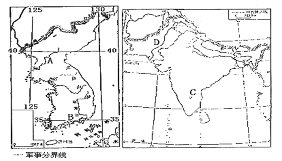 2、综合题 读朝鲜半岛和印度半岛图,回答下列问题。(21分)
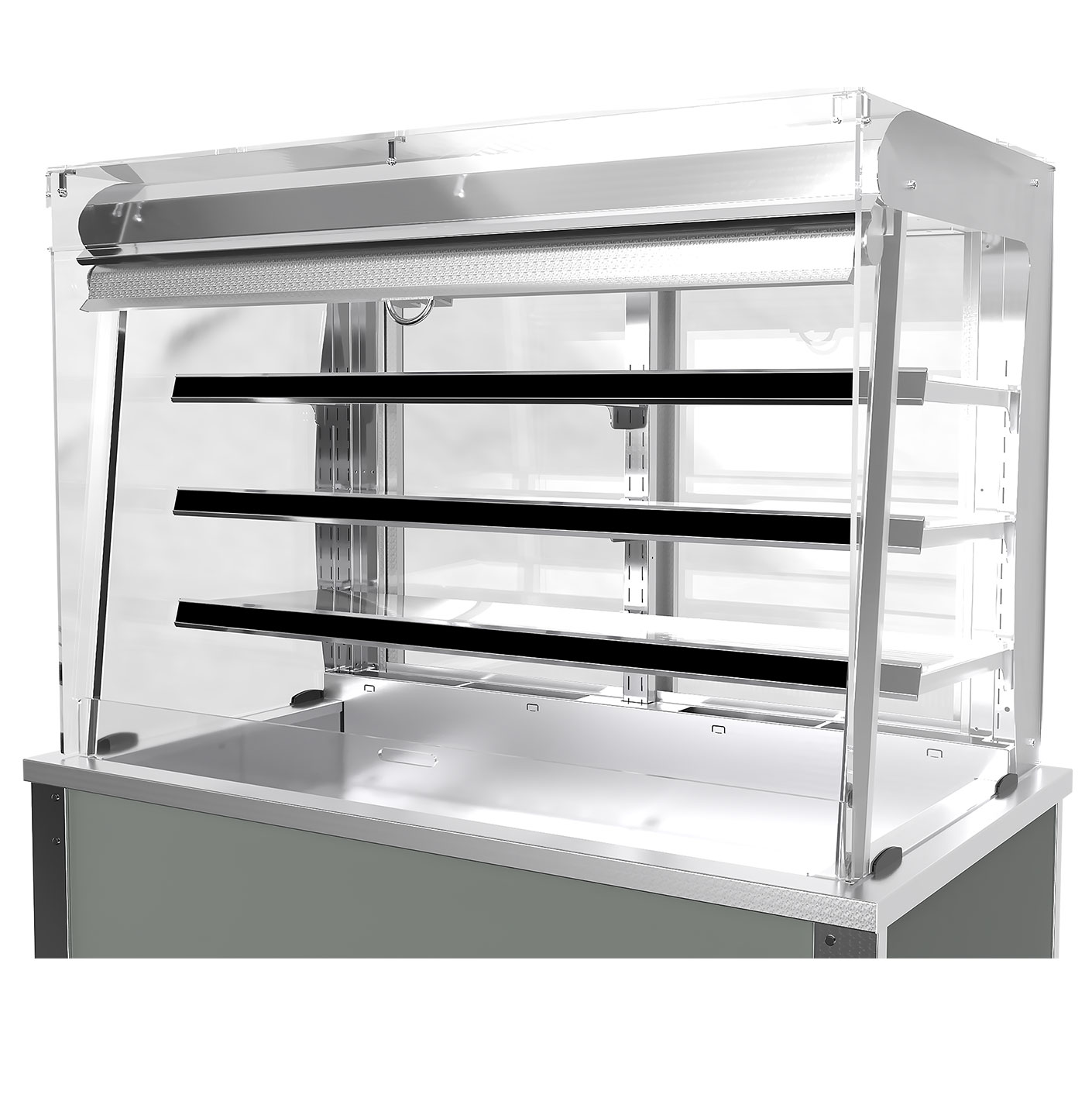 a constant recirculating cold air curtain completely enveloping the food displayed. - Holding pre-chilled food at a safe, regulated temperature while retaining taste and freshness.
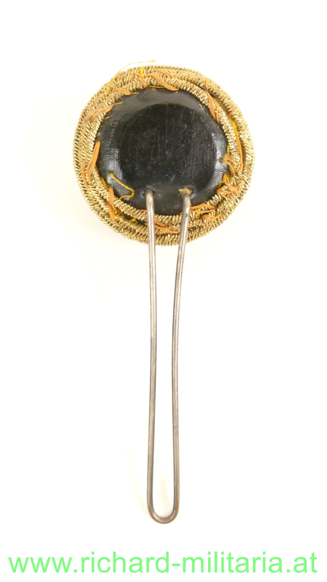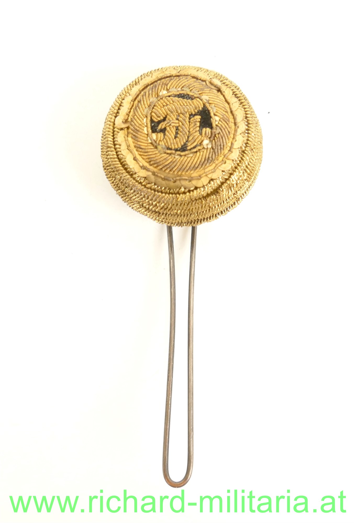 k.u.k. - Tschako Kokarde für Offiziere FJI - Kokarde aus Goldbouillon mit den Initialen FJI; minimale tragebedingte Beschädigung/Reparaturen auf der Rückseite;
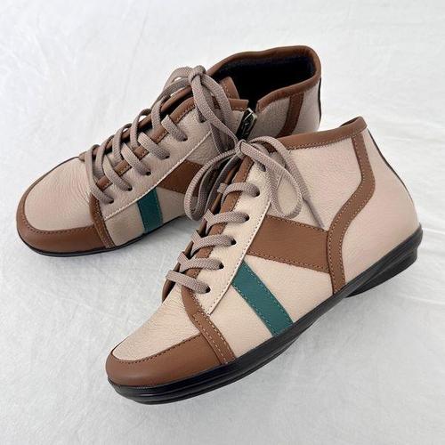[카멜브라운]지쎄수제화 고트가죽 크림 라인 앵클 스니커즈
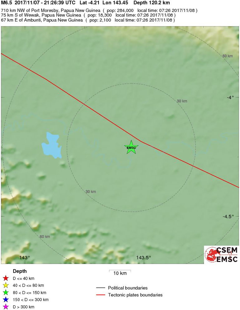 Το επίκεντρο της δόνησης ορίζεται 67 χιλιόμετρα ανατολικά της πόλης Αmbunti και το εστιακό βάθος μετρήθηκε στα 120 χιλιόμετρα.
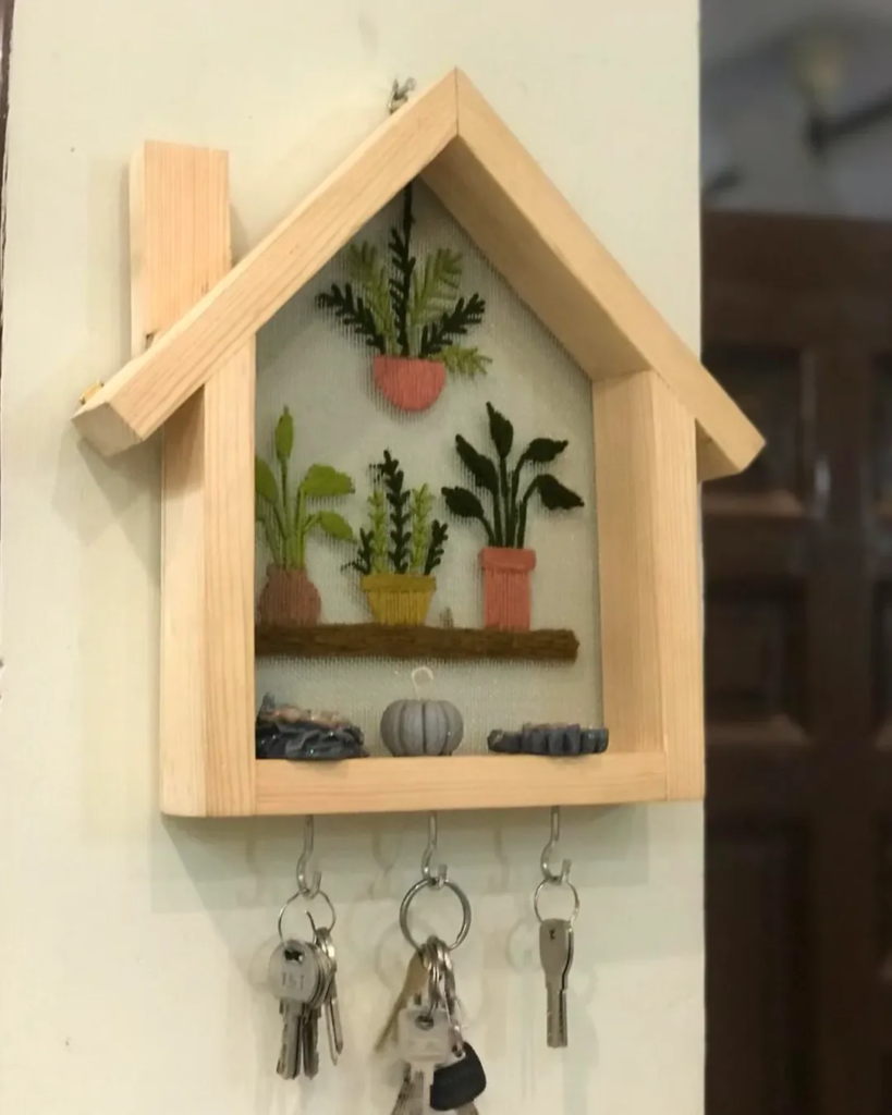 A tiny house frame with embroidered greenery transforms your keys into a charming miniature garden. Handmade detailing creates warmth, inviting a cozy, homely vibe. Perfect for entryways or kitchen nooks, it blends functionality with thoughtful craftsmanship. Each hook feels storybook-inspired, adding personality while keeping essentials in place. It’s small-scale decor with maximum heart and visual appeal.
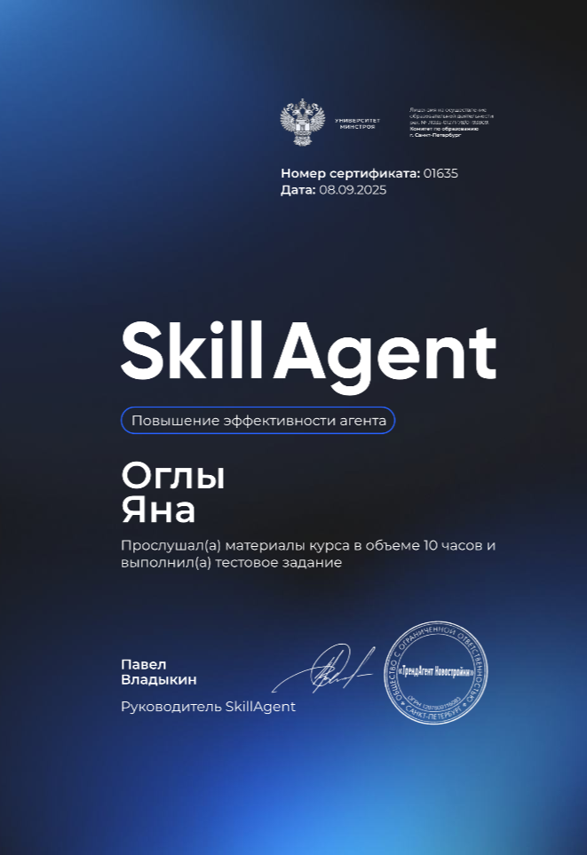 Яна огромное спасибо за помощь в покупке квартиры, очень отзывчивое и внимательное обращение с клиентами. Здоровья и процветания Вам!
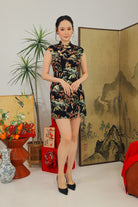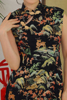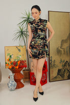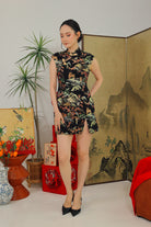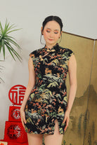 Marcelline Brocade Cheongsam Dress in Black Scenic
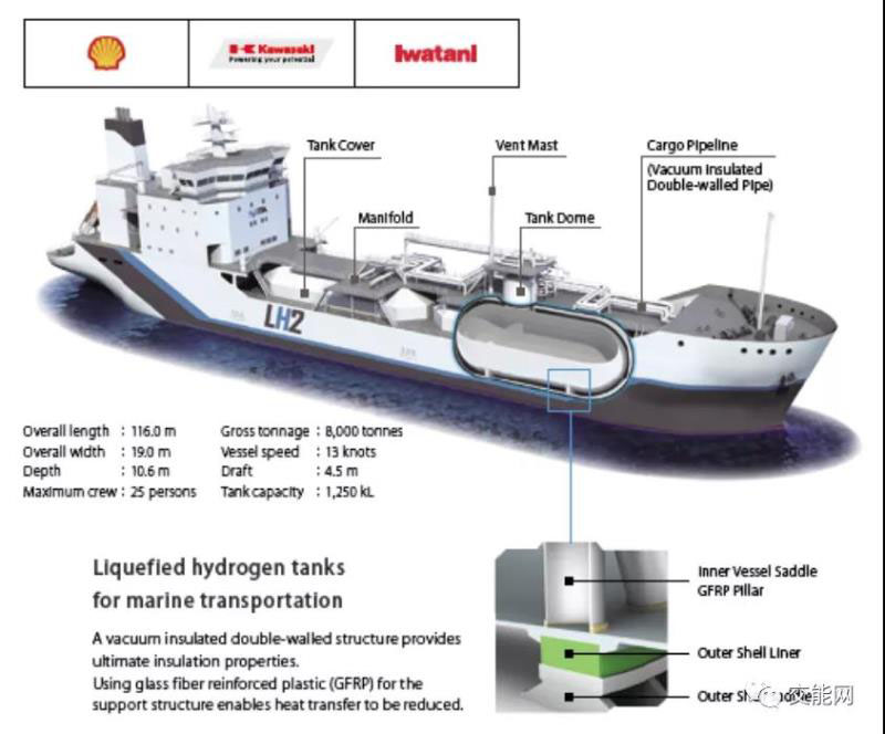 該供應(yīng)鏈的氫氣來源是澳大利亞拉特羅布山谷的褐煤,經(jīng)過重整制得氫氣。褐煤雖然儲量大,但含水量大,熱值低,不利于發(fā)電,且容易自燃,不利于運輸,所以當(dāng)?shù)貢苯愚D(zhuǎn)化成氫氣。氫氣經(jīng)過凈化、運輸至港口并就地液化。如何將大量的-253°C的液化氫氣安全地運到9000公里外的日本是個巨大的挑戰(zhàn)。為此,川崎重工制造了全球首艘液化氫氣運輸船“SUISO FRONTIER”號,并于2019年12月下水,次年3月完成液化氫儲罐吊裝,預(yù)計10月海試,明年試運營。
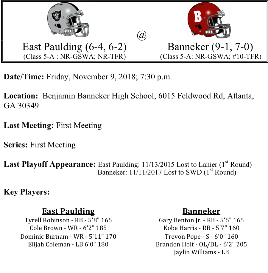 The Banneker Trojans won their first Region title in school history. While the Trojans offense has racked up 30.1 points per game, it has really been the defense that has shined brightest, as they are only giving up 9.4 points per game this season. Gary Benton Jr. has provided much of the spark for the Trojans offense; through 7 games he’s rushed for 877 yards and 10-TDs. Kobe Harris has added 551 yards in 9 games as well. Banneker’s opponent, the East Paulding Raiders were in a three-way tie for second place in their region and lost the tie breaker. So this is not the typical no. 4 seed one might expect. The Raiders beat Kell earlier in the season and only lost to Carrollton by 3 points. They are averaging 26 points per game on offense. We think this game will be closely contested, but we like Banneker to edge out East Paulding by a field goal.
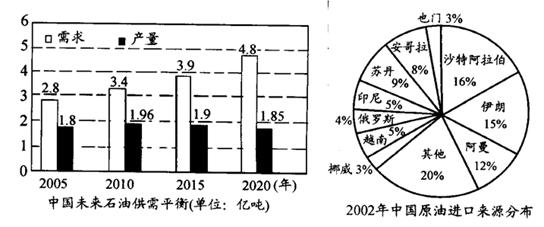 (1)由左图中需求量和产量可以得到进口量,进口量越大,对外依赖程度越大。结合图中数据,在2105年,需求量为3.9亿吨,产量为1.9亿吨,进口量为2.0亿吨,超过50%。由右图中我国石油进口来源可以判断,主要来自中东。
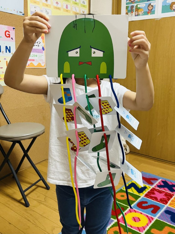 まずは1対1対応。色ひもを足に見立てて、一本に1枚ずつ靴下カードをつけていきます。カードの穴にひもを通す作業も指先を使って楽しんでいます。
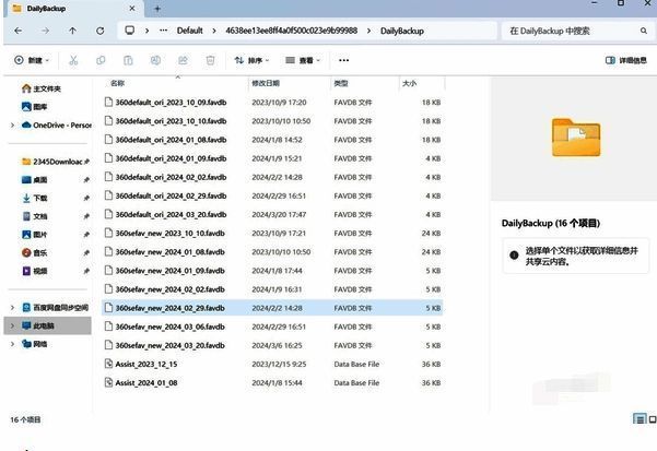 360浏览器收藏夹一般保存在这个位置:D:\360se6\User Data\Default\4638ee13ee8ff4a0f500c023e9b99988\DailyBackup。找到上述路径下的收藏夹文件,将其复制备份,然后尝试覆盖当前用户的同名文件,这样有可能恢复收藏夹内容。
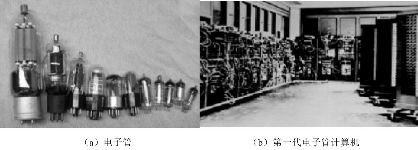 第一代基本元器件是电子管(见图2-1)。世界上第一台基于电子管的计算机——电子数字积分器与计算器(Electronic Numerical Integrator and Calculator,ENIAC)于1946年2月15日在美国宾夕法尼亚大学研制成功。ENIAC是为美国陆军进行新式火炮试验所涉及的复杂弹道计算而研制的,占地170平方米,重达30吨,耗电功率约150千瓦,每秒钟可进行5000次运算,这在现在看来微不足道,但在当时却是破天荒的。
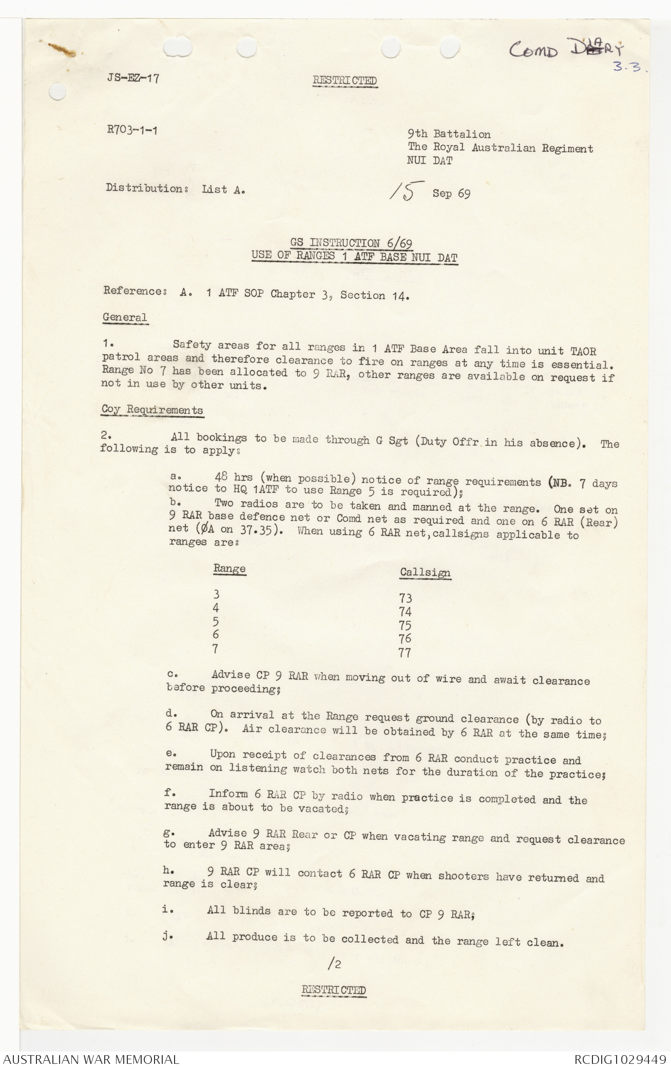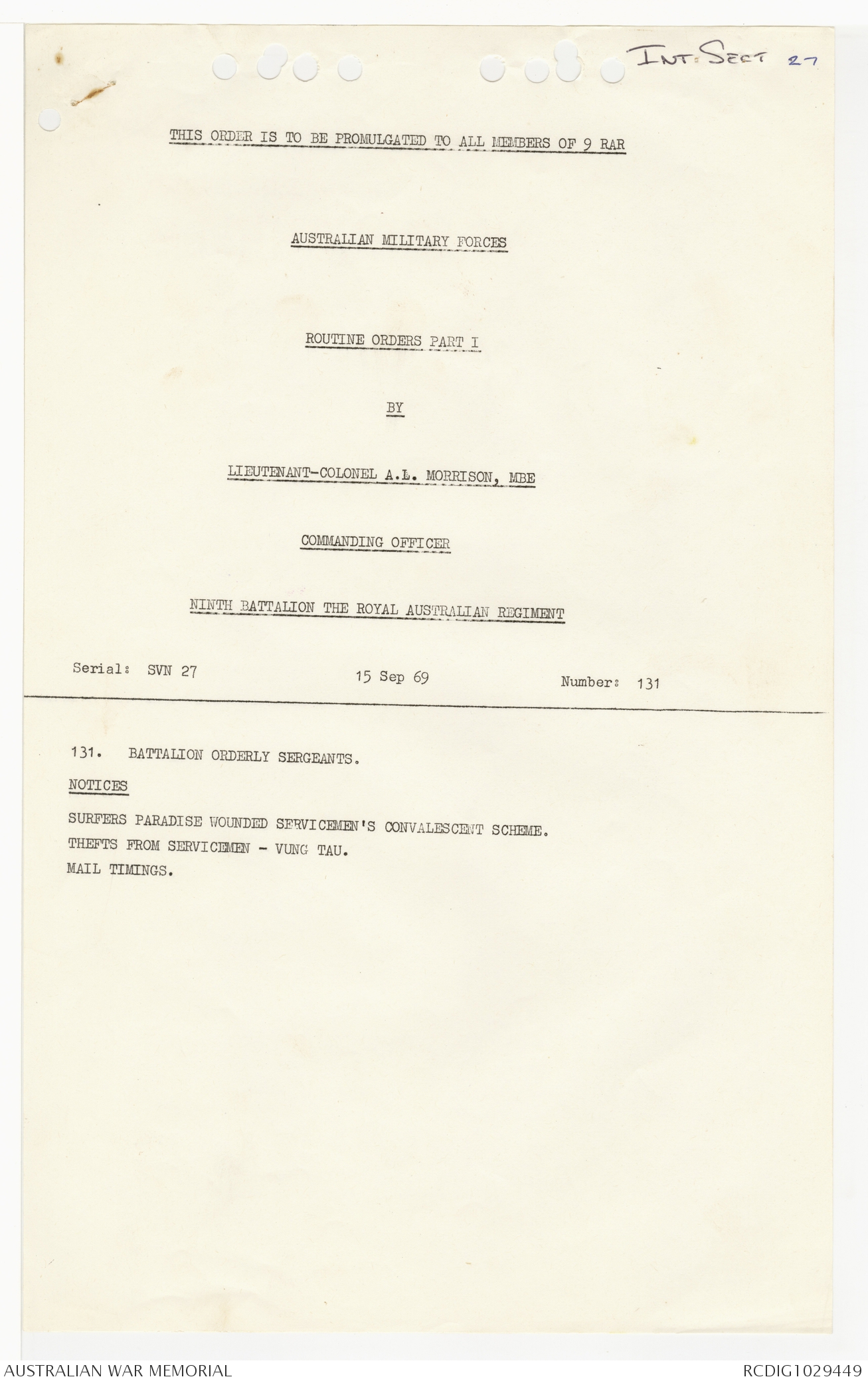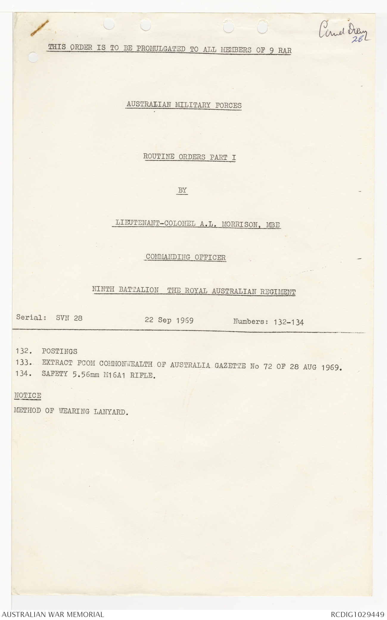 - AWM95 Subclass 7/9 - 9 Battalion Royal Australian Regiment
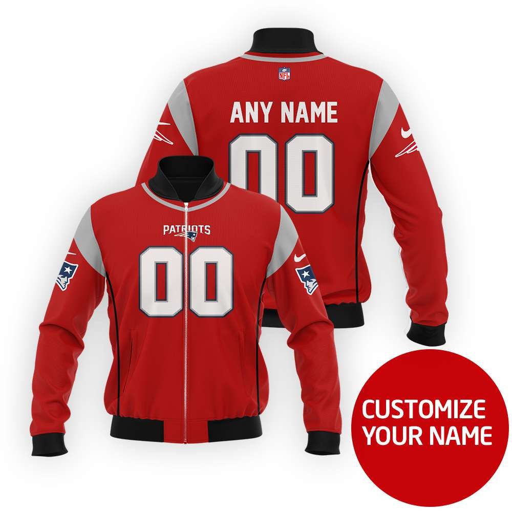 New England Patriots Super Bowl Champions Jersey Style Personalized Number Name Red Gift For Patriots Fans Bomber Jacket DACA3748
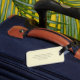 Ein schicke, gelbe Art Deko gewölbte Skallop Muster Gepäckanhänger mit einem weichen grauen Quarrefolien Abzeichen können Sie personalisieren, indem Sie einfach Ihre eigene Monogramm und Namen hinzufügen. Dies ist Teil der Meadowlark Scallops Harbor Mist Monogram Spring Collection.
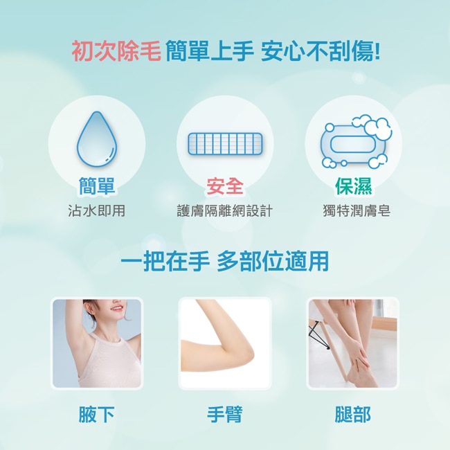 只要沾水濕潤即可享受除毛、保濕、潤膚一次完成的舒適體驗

+===+

Exercise :: Only the lines from the one that holds "The Banneker Trojans" through the final line of the material should be reproduced, word for word, with the pictures omitted.

Solution for this task ::
 The Banneker Trojans won their first Region title in school history. While the Trojans offense has racked up 30.1 points per game, it has really been the defense that has shined brightest, as they are only giving up 9.4 points per game this season. Gary Benton Jr. has provided much of the spark for the Trojans offense; through 7 games he’s rushed for 877 yards and 10-TDs. Kobe Harris has added 551 yards in 9 games as well. Banneker’s opponent, the East Paulding Raiders were in a three-way tie for second place in their region and lost the tie breaker. So this is not the typical no. 4 seed one might expect. The Raiders beat Kell earlier in the season and only lost to Carrollton by 3 points. They are averaging 26 points per game on offense. We think this game will be closely contested, but we like Banneker to edge out East Paulding by a field goal.
 (1)由左图中需求量和产量可以得到进口量,进口量越大,对外依赖程度越大。结合图中数据,在2105年,需求量为3.9亿吨,产量为1.9亿吨,进口量为2.0亿吨,超过50%。由右图中我国石油进口来源可以判断,主要来自中东。
 まずは1対1対応。色ひもを足に見立てて、一本に1枚ずつ靴下カードをつけていきます。カードの穴にひもを通す作業も指先を使って楽しんでいます。
 360浏览器收藏夹一般保存在这个位置:D:\360se6\User Data\Default\4638ee13ee8ff4a0f500c023e9b99988\DailyBackup。找到上述路径下的收藏夹文件,将其复制备份,然后尝试覆盖当前用户的同名文件,这样有可能恢复收藏夹内容。
 第一代基本元器件是电子管(见图2-1)。世界上第一台基于电子管的计算机——电子数字积分器与计算器(Electronic Numerical Integrator and Calculator,ENIAC)于1946年2月15日在美国宾夕法尼亚大学研制成功。ENIAC是为美国陆军进行新式火炮试验所涉及的复杂弹道计算而研制的,占地170平方米,重达30吨,耗电功率约150千瓦,每秒钟可进行5000次运算,这在现在看来微不足道,但在当时却是破天荒的。
 - AWM95 Subclass 7/9 - 9 Battalion Royal Australian Regiment
 New England Patriots Super Bowl Champions Jersey Style Personalized Number Name Red Gift For Patriots Fans Bomber Jacket DACA3748
 Ein schicke, gelbe Art Deko gewölbte Skallop Muster Gepäckanhänger mit einem weichen grauen Quarrefolien Abzeichen können Sie personalisieren, indem Sie einfach Ihre eigene Monogramm und Namen hinzufügen. Dies ist Teil der Meadowlark Scallops Harbor Mist Monogram Spring Collection.
 只要沾水濕潤即可享受除毛、保濕、潤膚一次完成的舒適體驗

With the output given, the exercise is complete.